Confession, which has fallen out of favor in the Catholic Church, is popular in the men's movement. Roberts, a former clergyman and now a management consultant, confesses he was "middle-age crazy" until he came to his senses and turned the experience to his advantage, including material for this book that "provides a map through the wilderness that has running through its center the 'soul's river.' " But this scattershot account of the rite of passage, the search for a true self with which to shuffle on manfully to life's finishing line, is disconcertingly self-promotional. Roberts loves to talk about himself, so the quest for wholeness gets squeezed out.
Father Richard Rohr's Quest for the Grail (Crossroad) began life as a men's retreat, outdoors at that, in some remote forest. (I must declare myself here: I helped edit this book.) The quest legends came to life in Europe in the 12th and 13th centuries and "developed at precisely the time when the great gospel story was in eclipse and no longer reaching the ears or affecting the souls of baptized Christians," Rohr writes. Though neither churchy nor clerical, they drew wisdom and grace from the Christian collective unconscious, which has a way of living on when the institution is in occasional decline. "Neither did [they] waste time being anti-church or anti-clerical," Rohr goes on. Half the energy of most movements is wasted railing against their opposites, be they prochoice or prolife or your favorite political party. Instead, the Grail stories "moved boldly into a world of mystery and metaphor."

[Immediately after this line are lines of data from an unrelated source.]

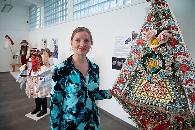 Výstava Klenoty lidové kultury Zlínského kraje ve Slováckém muzeu v Uherském Hradišti. Na snímku kurátorka výstavy Marta Kondrová (duben 2025)
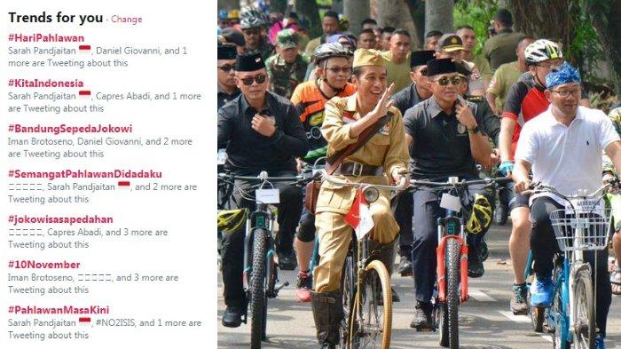 Momen Jokowi bersepeda dengan berbaju veteran ini pun menarik perhatian warganet, tagar #BandungSepedaJokowi dan #Jokowisasapedahan menjadi trending topic di Twitter.
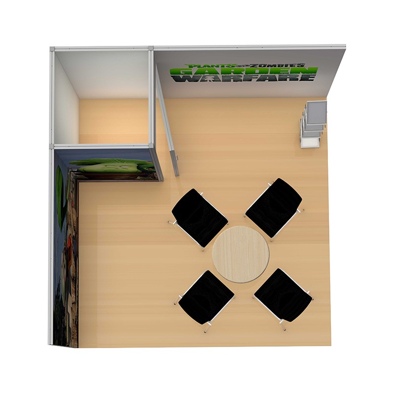 Stoisko ma możliwość wykonania grafiki dwustronnej, dowolnej rozbudowy o dodatkowe moduły a także dokupienia dodatkowego wyposażenia, jak np. dodatkowe oświetlenie, uchwyty mocujące do monitorów, półki, kieszonki na ulotki.
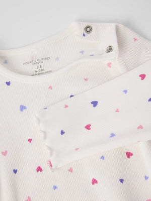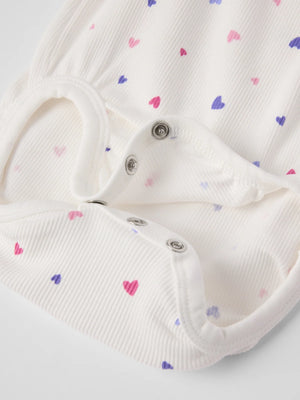 Ribbed babygrow in thin, organic cotton for your little one. It has extra-soft, flatlock seams that are gentle on sensitive skin and features a cute frilled edge at the sleeve cuffs. Snaps at the crotch and shoulder make dressing easy.
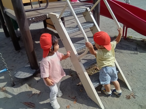 お友だちと向かい合って座ったり、遊具の階段の隙間からお友だちを見つけて「ばあ」と笑いあったりと、微笑ましい姿がたくさん見られました。
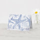 Envoyez des voeux d'anniversaire à cette personne spéciale de votre vie avec cette carte d'anniversaire d'inspiration nautique. Ce design présente des étoiles de mer en bleu et blanc sur une superposition de carte du monde. À l'intérieur de la carte a également une superposition de carte correspondante. Conçu par un artiste de renommée mondiale ©Tim Coffey.
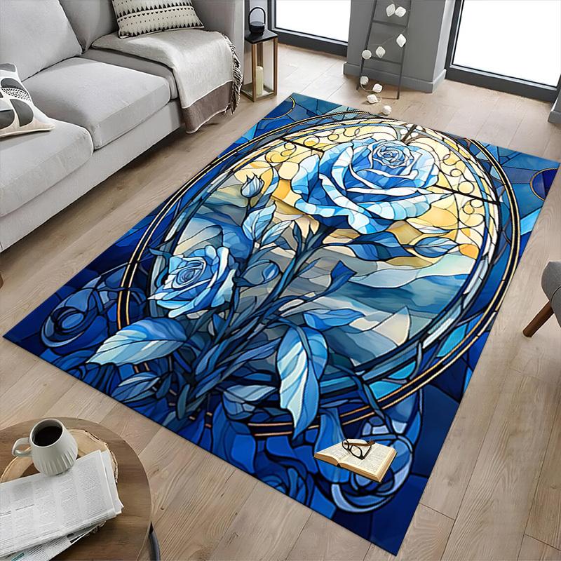 1PC Stained Glass Rose Extra Large Non Slip Floor carpet, Office, family, bedroom Large Area Rug Indoor Rugs, Vibrant Colors
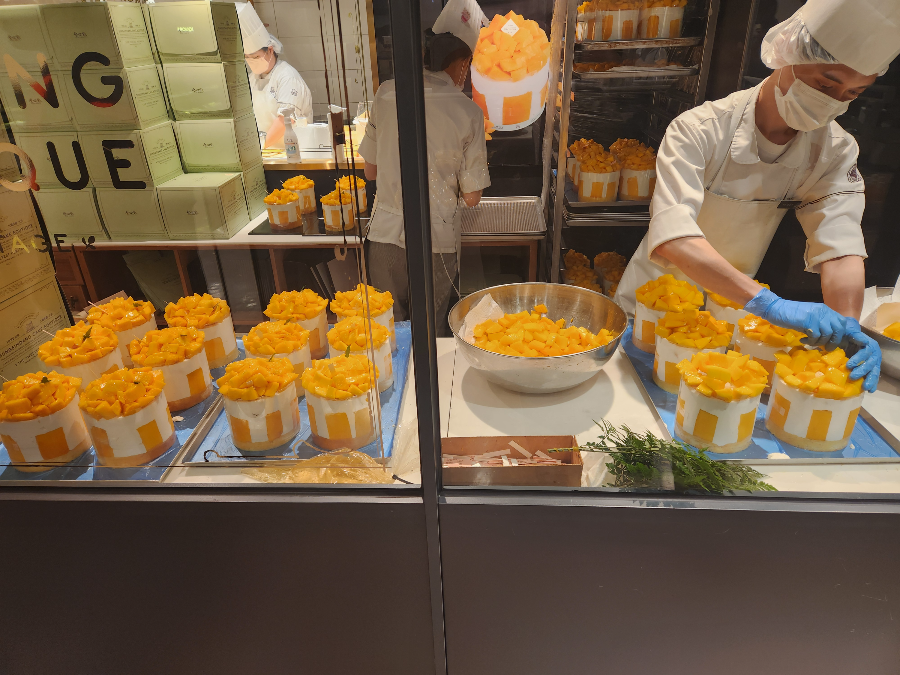 오전8시, 1층 매장의 문이 열리면 줄을 따라 지하1층 망고시루 전용매장으로 내려갑니다

The author harks back to the curmudgeonly Danish theologian Soren Kierkegaard, who defined the tragic hero as the servant of conformity. Explains Rohr: "Whoever accepts the conventions for climbing the ladder, the progress myth of money and power, that is our tragic hero." Western males stumble into this trap between the ages of 20 and 35. Then it takes the rest of their lives to extricate themselves.
The Spirituality of Men: Sixteen Christians Write about Their Faith (Fortress Press) is a collection of different Protestant perspectives (one a former Catholic priest), all "active in the church," according to editor Philip L. Culbertson, but for various reasons elbowed out to the margins, "a safer place to be and, interestingly, it is a place where we meet again our Christian sisters who are also struggling."

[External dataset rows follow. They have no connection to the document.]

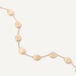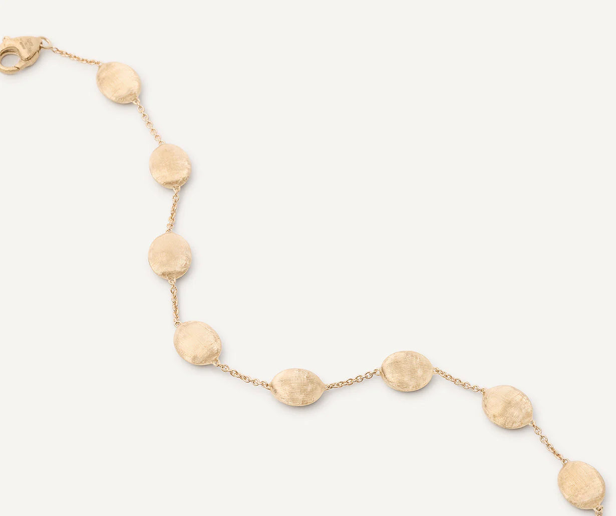 Light and delicate, this bracelet features medium oval elements in 18K yellow gold with an irregular surface, finely hand-engraved using an ancient Florentine technique.
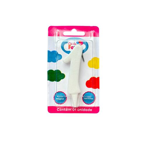 Vela Premium Branca Nº1 Cia da Festa. Celebre cada comemoração com um toque mais sofisticado usando a vela Premium! Disponível em números que brilham com glitter, esta vela realça qualquer bolo com seu design chamativo. Seu pavio especial cria o efeito de estrelinhas (faíscas) e tem a magia de se reacender ao ser assoprado. Surpreenda seus convidados com um espetáculo de luz e brilho em cada aniversário, tornando seus momentos especiais ainda mais memoráveis com a vela Premium da Cia da Festa!
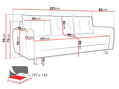ZobrazitPociťte pohodlí, které nabízí rozkládací pohovka Keklat! Je potažena plyšem, měkkým na dotek, který zvyšuje komfort používání a dodává nábytku elegantní vzhled. Vysoké dřevěné nohy v kombinaci s prošívanými polštáři úspěšně zapadnou jak do rustikálního stylu interiéru, tak do toho zařízeného ve skandinávském nebo provensálském stylu. Největší výhodou pohovky je ovšem její funkce na spaní. V okamžiku ji můžete přeměnit na pohodlnou postel. Pohovka na spaní je ideálním řešením pro hosty nebo v situacích, kdy potřebujete další místo k odpočinku. Zajistěte si každodenní komfort a pohodlí, vyberte si pohovku Keklat!
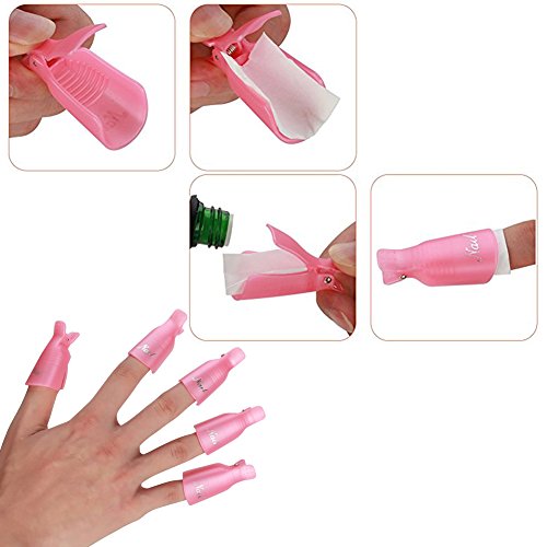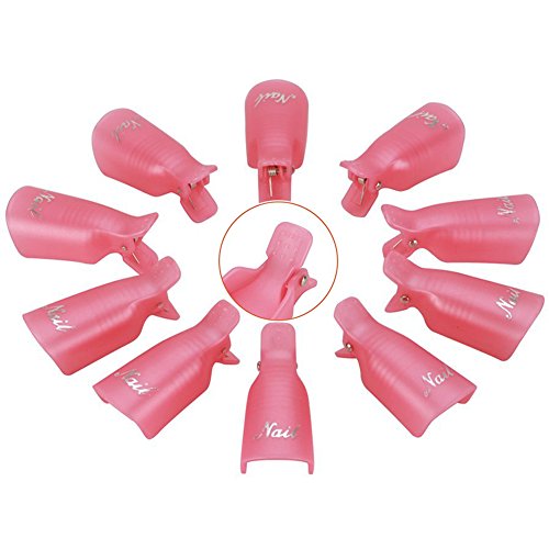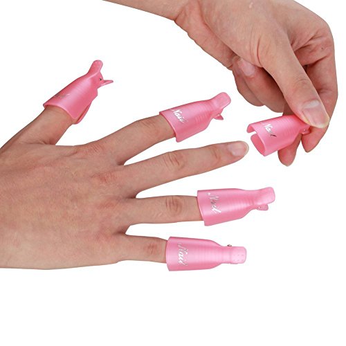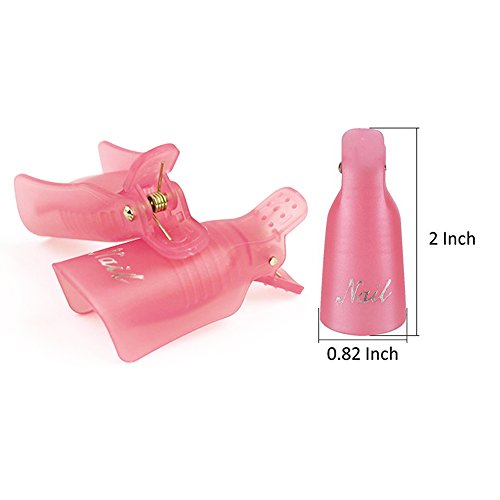 100% brand new and high quality; Soaking the pads with pure acetone,Putting the soaking pads on the artificial nail Quantity:10Pcs/Pack Clip Size: App 4.5 x 2cm Color:Pink Material: Plastic Weight: About 76g

A surprising number, including clergy, stumble into the men's movement in the wake of divorce. Mark Muesse is typical in other ways as well. He is highly educated. Like a smoker trying out remedies, he searched widely for solutions including the mythopoetic men's movement identified with poet Robert Bly, author of Iron John. Muesse was also typical in feeling lonely, alienated, and a bit desperate. And he is sadly typical in that he found his church of little help: "I had to become estranged from Christianity to find relief from my suffering."

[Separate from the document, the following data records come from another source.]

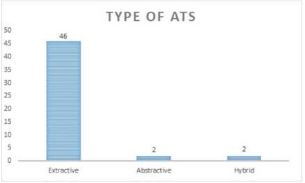 As previously mentioned, there are two types of ATS based on output type: Extractive Text Summarization and Abstractive Text Summarization. Additionally, a "Hybrid" category was introduced for papers employing a combination of Text Summarization techniques. Classification based on these types reveals that among the papers, 46 fall under the Extractive type, 2 under Abstractive, and 2 under Hybrid (see Figure 6).
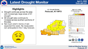 That’s not great news for our drought conditions, as our rain this past weekend could have really used the back of more rain to bust that drought. Meteorologist Kate Hickford with the National Weather Service says rain chances move back in on Thursday, but they’re slight, and temperatures are going to warm right back up.
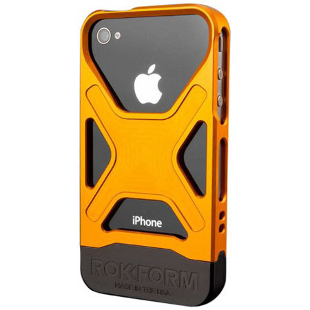 The Rokform Rokbed Fuzion Cover for iPhone 4/4S (Orange) is CNC machined from 6061 T-6 aircraft grade aluminum and injection molded polycarbonate. The polycarbonate lower portion quickly snaps in and out of the aluminum but fits snug enough for a safe and secure protective fit.
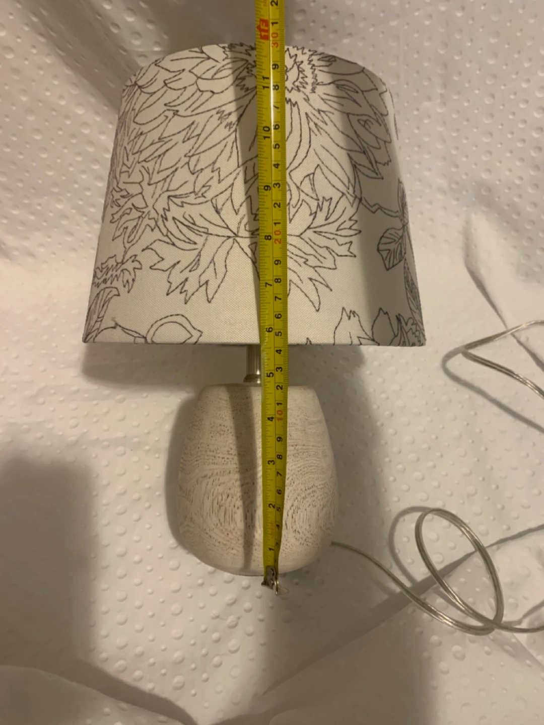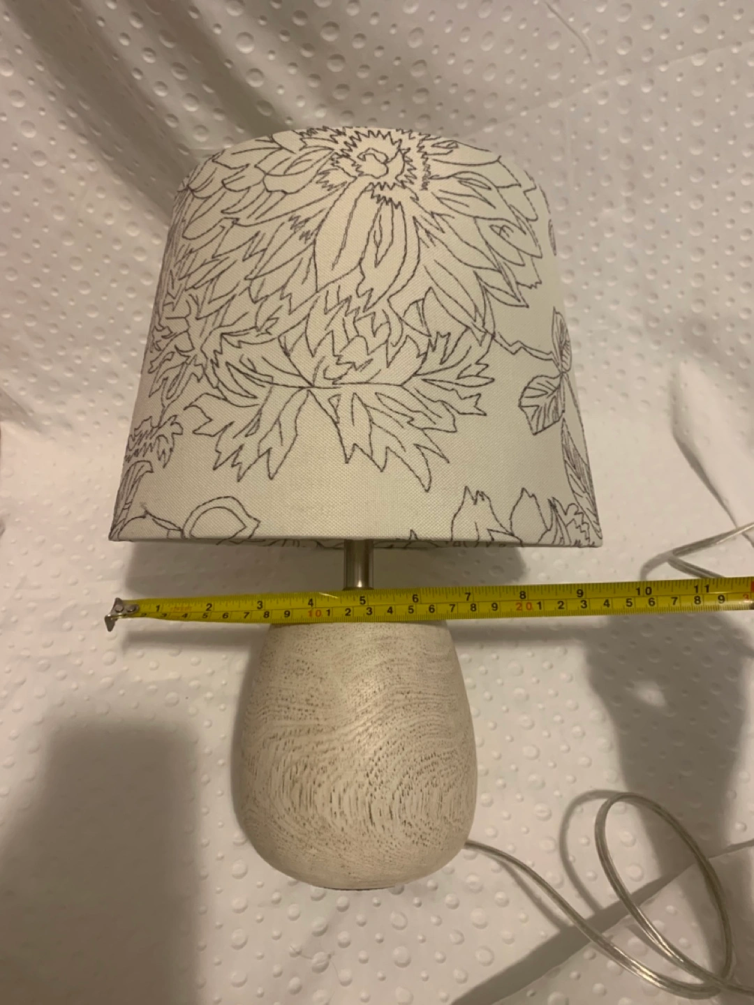 68Here's a cute table lamp that would look great in any room! It features a floral pattern shade and a neutral-toned base. It measures approximately 12 inches tall and 6 inches wide
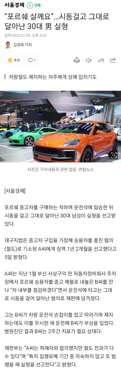 중고포르쉐 시승하는척 도주 ㅋㅋ
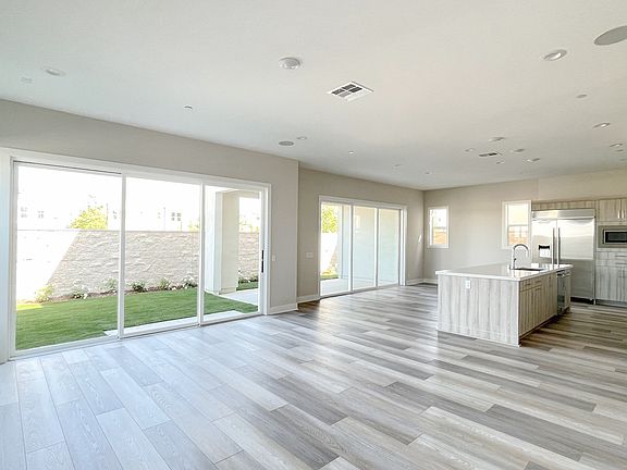 As you step inside, you'll immediately notice the high-end waterproof flooring that graces the great room and kitchen, adding a touch of elegance to the living space. The well-appointed kitchen offers a picturesque view of the bright casual dining area and comes complete with a large center island featuring a breakfast bar, a built-in refrigerator, ample counter and cabinet space, and a generous pantry for all your storage needs.
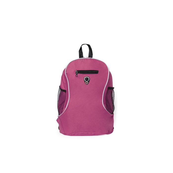 Mochila en resistente poliéster 600D de desenfadado diseño, con cierre de cremallera, salida para auriculares, bolsillo frontal y bolsillos elásticos de redecilla a los lados. Accesorios en color negro, con cintas de hombros ajustables con acolchado.

He found relief in Buddhist spirituality. Others found it elsewhere—the prevailing pattern, so frowned on by Catholic orthodoxy, is that there is no single solution.
Signposts: How to Be a Catholic Man in the World Today (The Word Among Us Press), by Bill Bawden and Tim Sullivan, is a more cozy approach to men's problems. "It is confusing to be a man today, particularly a Christian man," the authors concede. This book is a series of "lesson plans," carefully orchestrated, beginning with a prayer and ending with another. Each lesson poses a problem. Dan has always been a Catholic. Now he realizes he never felt himself worthy of God's love. What to do? The authors turn to scripture and the Catechism of the Catholic Church. If I were pope, I would send word down the line to these excellent men to jump on a trusty steed and go in search of a more challenging grail.
A title such as A Man's Journey to Simple Abundance (Scribner/Simple Abundance Press) could tempt a man with the same high hopes as the popular prosperity gospel that preaches that if you love Jesus you'll be rich and/or famous in no time. This journey is edited by Michael Segell, who plays second fiddle on the cover to Sarah Ban Breathnach, who is, it seems, a bestselling machine pushing "authentic success," which is less crass than sheer prosperity but still blessedly free from pain and want.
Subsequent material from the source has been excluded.